Ему очень жаль отца и стыдно за него, называющего преуспеванием мизерные новшества. Что из того, что его отец сумел подняться над изнуряющей человека кустарщиной. Как сказать отцу, что невелика заслуга ползущего, перегнавшего стоящего и лежащего. Нелегко заявить об этом и человеку, который был обязан совершенствовать заводы, получавшему от Акинфиных огромное вознаграждение за его очевидное безделие.

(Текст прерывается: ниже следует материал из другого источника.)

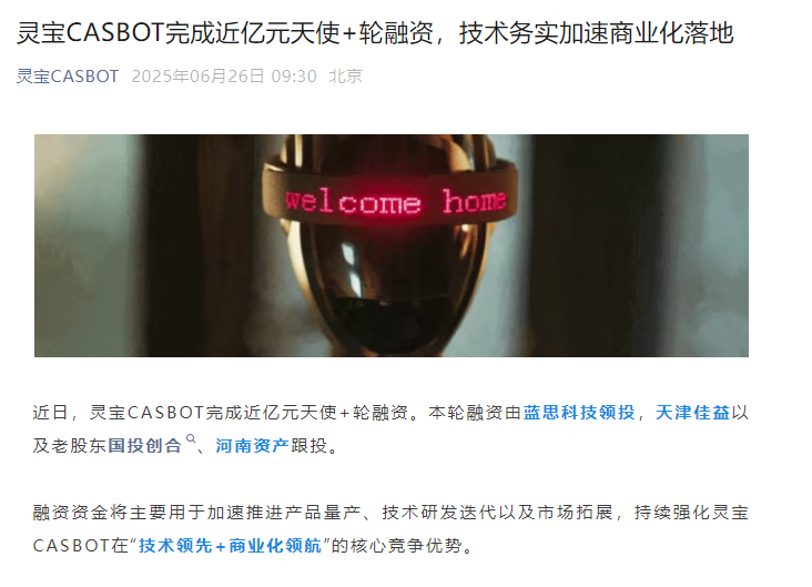 6月26日消息,靈寶CASBOT(北京中科慧靈機器人技術有限公司)宣布,完成近億元天使+輪融資,由藍思科技領投,天津佳益以及老股東國投創合、河南資產跟投。所募集資金將主要用于加速推進產品量產、技術研發迭代以及市場拓展,持續強化靈寶CASBOT在“技術領先+商業化領航”的核心競爭優勢。
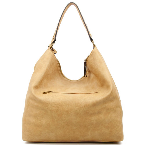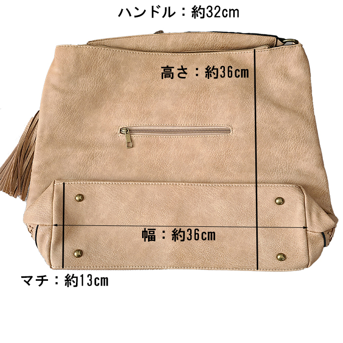 前面には 美しい織りステッチが施されています。バッグの裏側には ジッパーポケットが付いています。
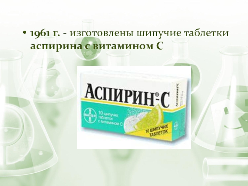 Слайд 431961 г. - изготовлены шипучие таблетки аспирина с витамином С
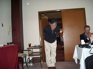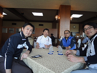 9時59分からアウト・インともに5組ずつのスタートという遅めのスタートで、9時20分に2階レストラン奥のコンペ会場にお集まり頂きました。
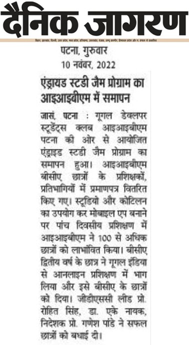 बीसीए छात्रों के प्रशिक्षकों, प्रतिभागियों में प्रमाणपत्र वितरित किए गए। स्टूडियो और कोटिलन का उपयोग कर मोबाइल एप बनाने पर पांच दिवसीय प्रशिक्षण में आइआइबीएम ने 100 से अधिक छात्रों को लाभांवित किया। बीसीए द्वितीय वर्ष के छात्र ने गूगल इंडिया से आनलाइन प्रशिक्षण में भाग लिया और इसे बीसीए के छात्रों को दिया। जीडीएससी लीड प्रो. रोहित सिंह, डा. एके नायक, निदेशक प्रो. गणेश पांडे ने सफल छात्रों को बधाई दी।
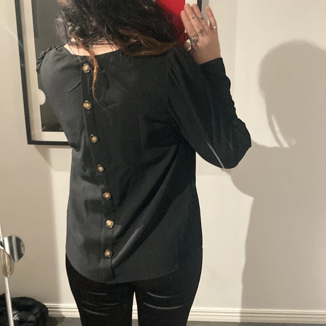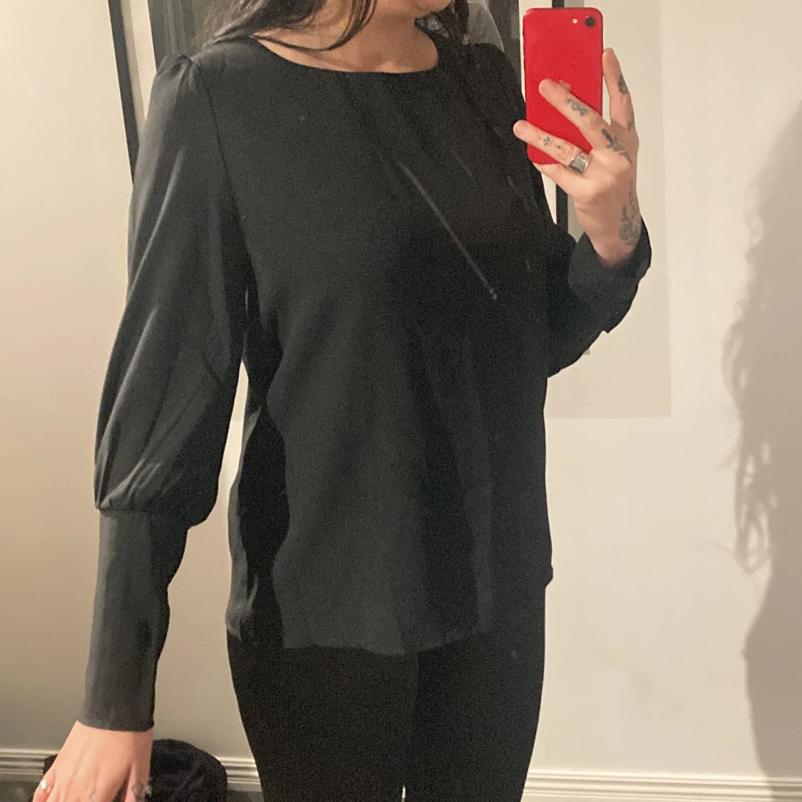 Jättefint svart blus med lite puffigare ärmar som smalnar av med knäppning nere. Samma knäppning i ryggen. Aldrig använd men storlekslappen är tyvärr borta. Jag på bilden är strl. S-M.

Человек этот звался Феофаном Григорьевичем Шульжиным. Он был кумиром отца, доверившего ему свои заводы, называл его достойнейшим из всех управителей, каких он знавал на своем веку. Лука Фомич был не прочь женить своего младшего сына Клавдия на дочери Шульжина Кэт. И этим самым заполучить радение за акинфинские заводы управителя, ставшего родней.

Отец наказывал Платону, и он помнит дословно напутственное наставление:

«Не гнушайся, Платоша, и малыми советами Феофана Григорьевича, в них всегда скрыта большая мудрость умения повелевать и править. И он по первости поднатаскает тебя, сын мой, в этой трудной науке хозяйствования».

Милое охотничье, собачье словцо «поднатаскает»! В чем? В том, что не известно ему самому? Что чуждо ему со дня рождения? Чуждо всей его природе. Чуждо образу его мышления, его боязни встретиться с теми, кому обязаны все на этих заводах, и теми благами, которые он получает.